I wrote an article on Friday noting Apple's positive prospects for 2007. Seeking Alpha reprinted the same article on Monday with a substantially more hypeful title, and that generated some very skeptical responses from the likes of Paul Thurrott and Digg members, claiming that they only believe Gartner and IDC market share numbers, not the ones I cited.

Having done similar sizings of markets when I was an analyst, I understand the skepticsm. Every sizing has some amount of bias and inaccuracy due to methodology and survey limitations (let me know if you want concrete examples; suffice it to say that no one has perfect data here. Want proof? Here's the first one: Gartner's and IDC's numbers never match).
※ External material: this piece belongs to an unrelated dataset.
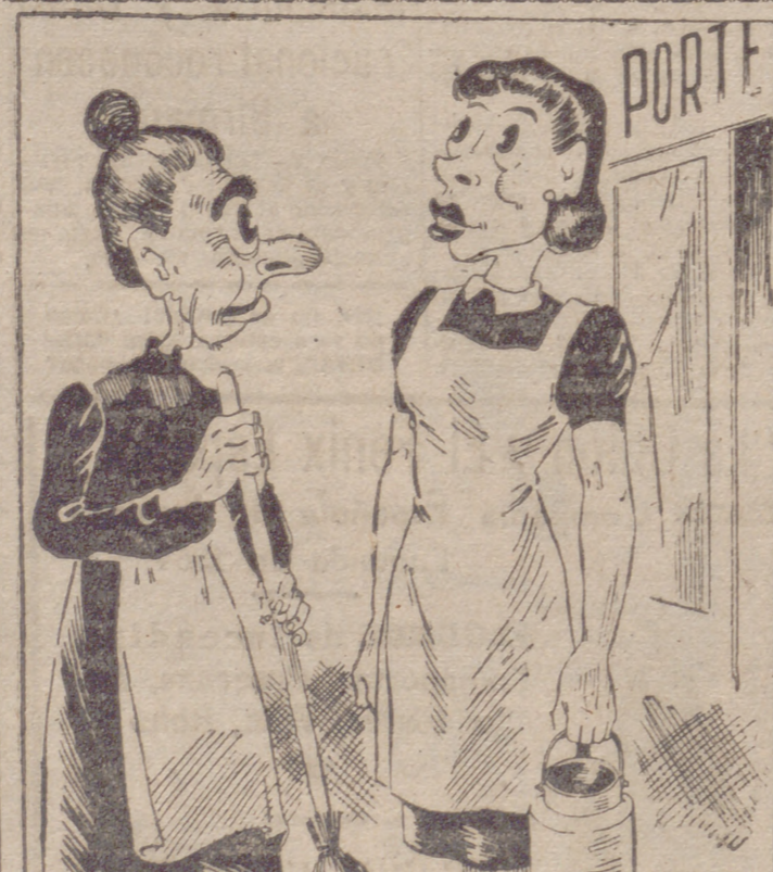
Vista... y a la vaca Por ITO —¿Qué, menos de comprar leche de "los Pajarillos"? —Sí, señora, sí. No sabe usted que allí no hay agua.

El Cairo, 2.—El comunicado aéreo del Oriente Medio dice: "Poderosas formaciones de bombarderos «Liberators» del noveno Ejército aéreo norteamericano efectuaron ayer un ataque coronado por el éxito contra las refineras petrolíferas de Ploesti, en Rumania. En el curso del ataque, efectuado con bombas explosivas e incendiarias desde alturas que oscilaron entre los 100 y los 500 pies, fueron alcanzados las destilerías, torres, depósitos, tanques y otras instalaciones. Fueron provocados enormes incendios, seguidos de violentas explosiones. La caza enemiga opuso tenaz resistencia sobre el objetivo y durante el viaje de regreso hostigó nuestras formaciones continuamente. Nuestros bombarderos tropezaron con intenso fuego de barrera anti-aéreo. En encarnizados combates aéreos han sido derribados por lo menos 35 aviones enemigos, entre ellos numerosos «Messerschmitt 109» y «Fockewulf 190». Veinte «Liberators» fueron derribados sobre el objetivo y todavía faltan va-

Further, both Gartner and IDC tend to revise their market share numbers a lot as new data comes in. Therefore, the real trick in getting a clear picture of where markets are going is in looking at lots of data from many sources and synthesizing them into a coherent whole, not focusing on a single source of data and claiming it is "the" number.

Along those lines this morning, I noticed that more data is supporting the pro-Apple view I noted in my article on Friday. One of the data sources is the US Department of Transportation, who has banned Windows Vista because of its incompatibilities with existing DOT applications. The article noted says they are considering both Apple Macs and Linux for new applications. Prudential Securities notes that it believes that the near-concurrent release of Apple's Leopard and Adobe's Creative Suite 3 will unleash a flood of pent up demand for Apple computers. Further, according to Google CEO Eric Schmidt, Google and Apple have "are working on many more projects together." (side note: if Apple and Google are collaborating, they have a combined cash horde of $24 billion to influence the market. That's only half of Microsoft, but it's a force to think about). And finally, George Scriban, one of the Blackfriars blog readers notes that Apple will will likely exceed the 100 million iPod mark this month rather than next. That means that the iPod halo effect is a few million customers ahead of the schedule I cited in my article.

My overall point: the trick in being an analyst or a great marketer is seeing the obvious before anyone else does. That means sometimes taking chances on being later proven wrong. There's a ton of news saying that technology buying behaviors are changing, and many of those factors favor Apple. Those who see the change earlier than others have more opportunities to profit from the trend. Those that follow the herd will tend to get slaughtered. The big difference between the two strategies is whether people have the courage to believe their eyes.


UPDATE: Another data point this morning: Fortune Magazine just rated Apple the most innovative company, #2 in computers and #7 most admired company in the world.

UPDATE 2: Thank you to Paul Thurrott for his kind words today in response to this post, especially given our disagreements on what the data means. Gee, maybe this is the dawning of a new age.



Full disclosure: the author is long Apple shares at the time of writing.